2. Boycott the clock when you can.
Leave your phone at home when you go for a walk. Choose to not "clock watch" if you don't need to. Just be present doing whatever it is you're doing, even if it's a boring task – be there. Boycott timepieces when on vacation; if you're in an environment where you can rise, eat, play and sleep according to your divine body clock, do it. Choose to eat, sleep and exercise based on how you feel rather than what time it is (as often as you can).
3. Engage in childlike activity.
For me, that's hoop dance. Hula hooping, if you will. Activity that I spend so immersed in joy that the time on a clock is the furthest thing from my mind. Find activities that make you feel this way and try to incorporate at least one a day, even if only for a short burst of time. If you're trying this out, you won't know how long it was anyway.
Sometimes clocks and alarms are necessary, and sometimes they're not. They play a huge role in how intelligently our society is able to operate.
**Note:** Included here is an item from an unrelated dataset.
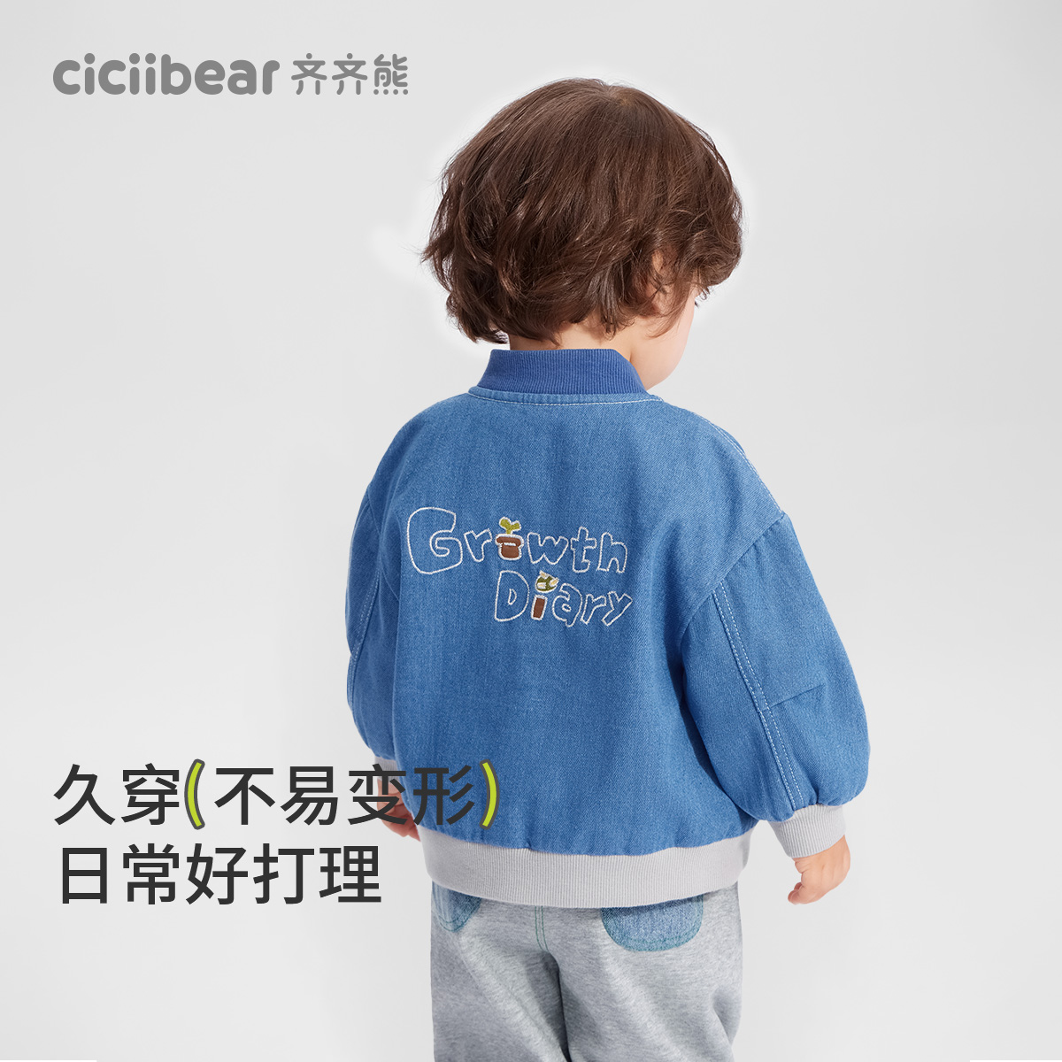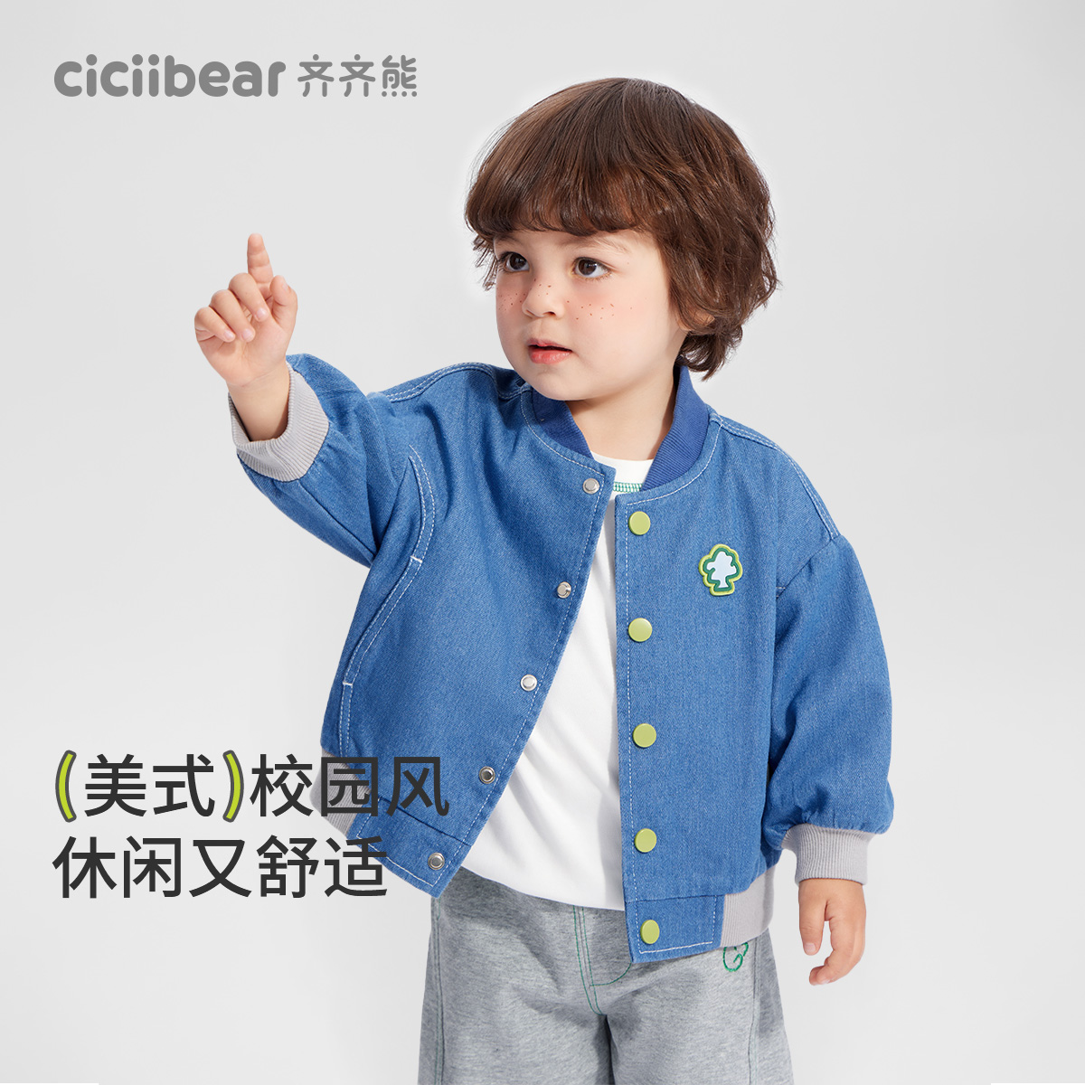 齐齐熊宝宝亲肤软牛仔棒球服外套
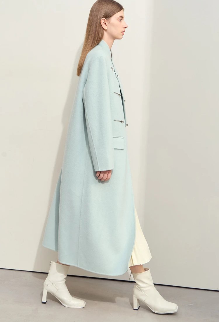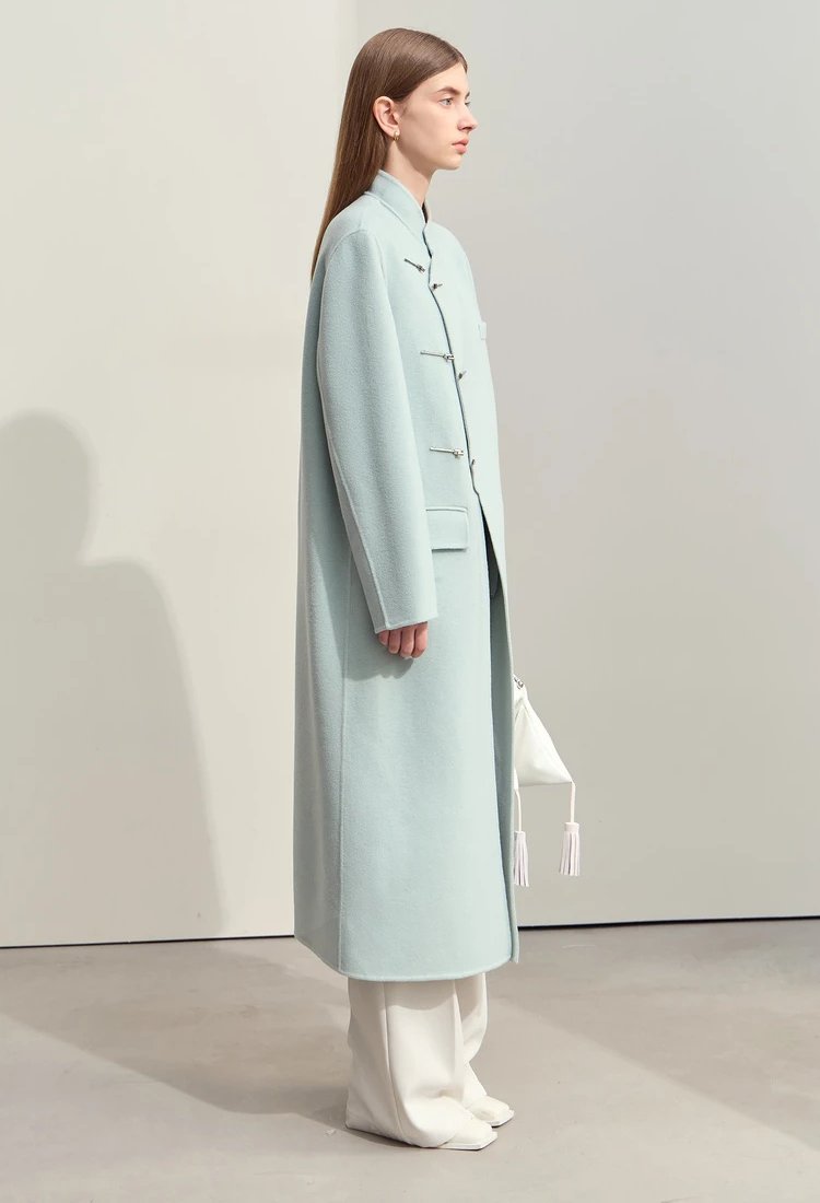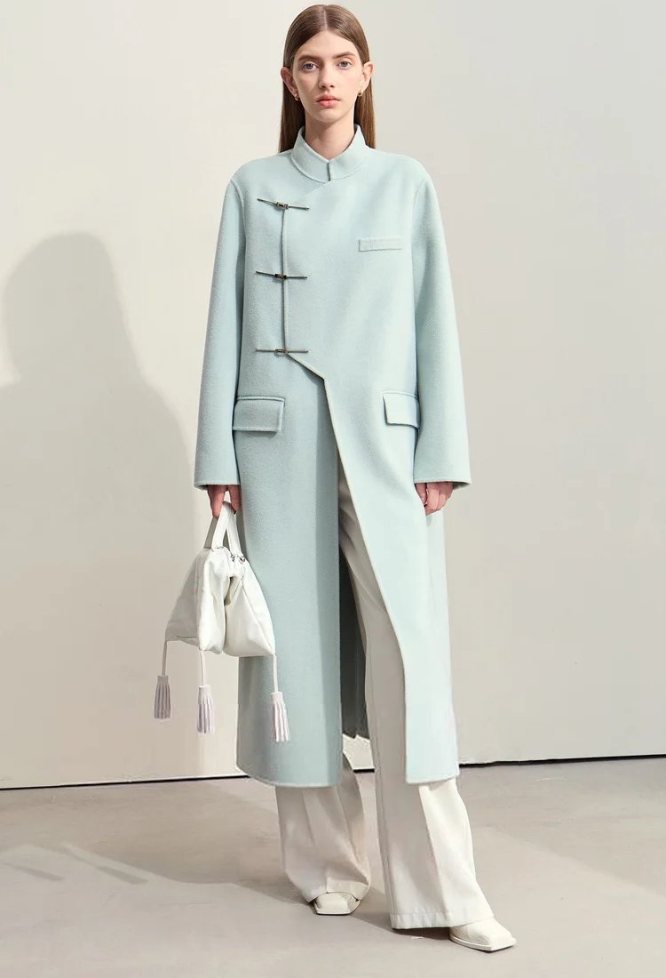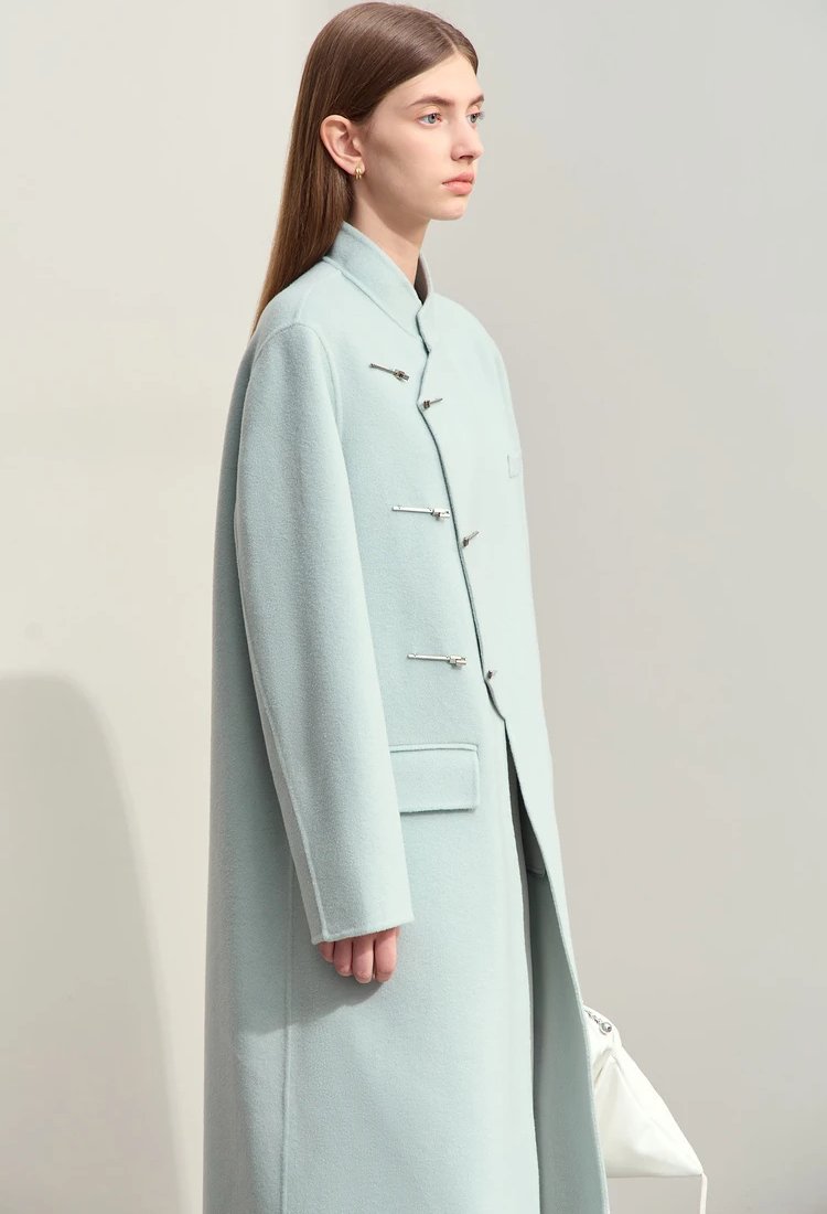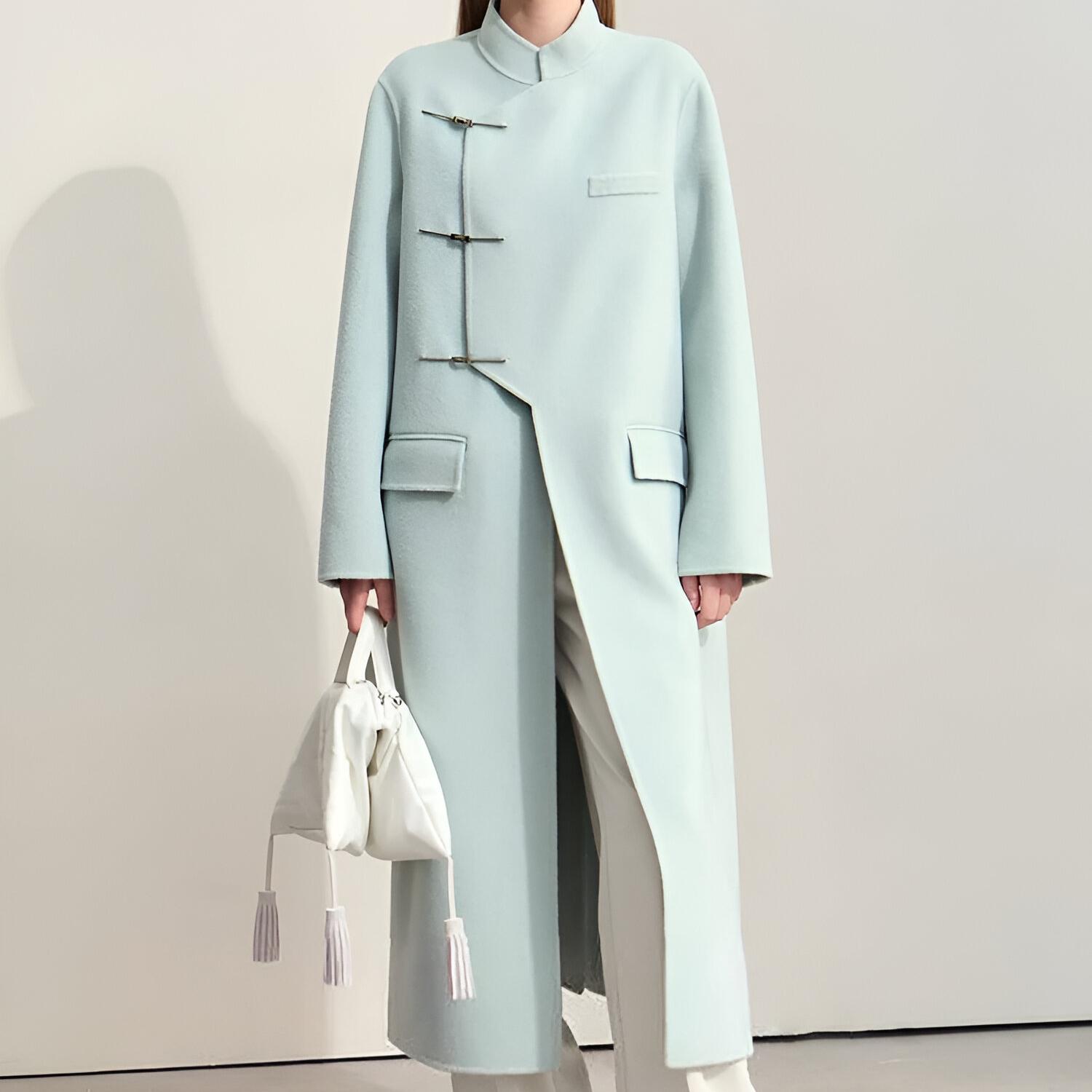 This coat isn’t just a piece of outerwear—it’s a statement. Its flowing, loose fit ensures comfort while exuding effortless elegance. The mandarin collar and understated decorative details set it apart from ordinary winter coats, making it a standout choice for office wear, formal occasions, or casual outings. The 100% wool composition ensures premium quality, offering excellent insulation without the bulk. Plus, the long length adds drama and sophistication to your winter wardrobe.

But they're also a huge burden on mankind because we're creatures of habit who have a very difficult time stepping away from technology and time managing when we actually have the opportunity. Be conscious of it; tap into your body's natural ability to keep time. Do a little less clock watching and a little more breathing with your eyes closed. Worry a little less about time and watch a lot more space free up for intuitive behavior. Take away the power of the timepiece on the wall, which was set by human hands, and strengthen the natural rhythms of your beautiful body's articulate internal clock.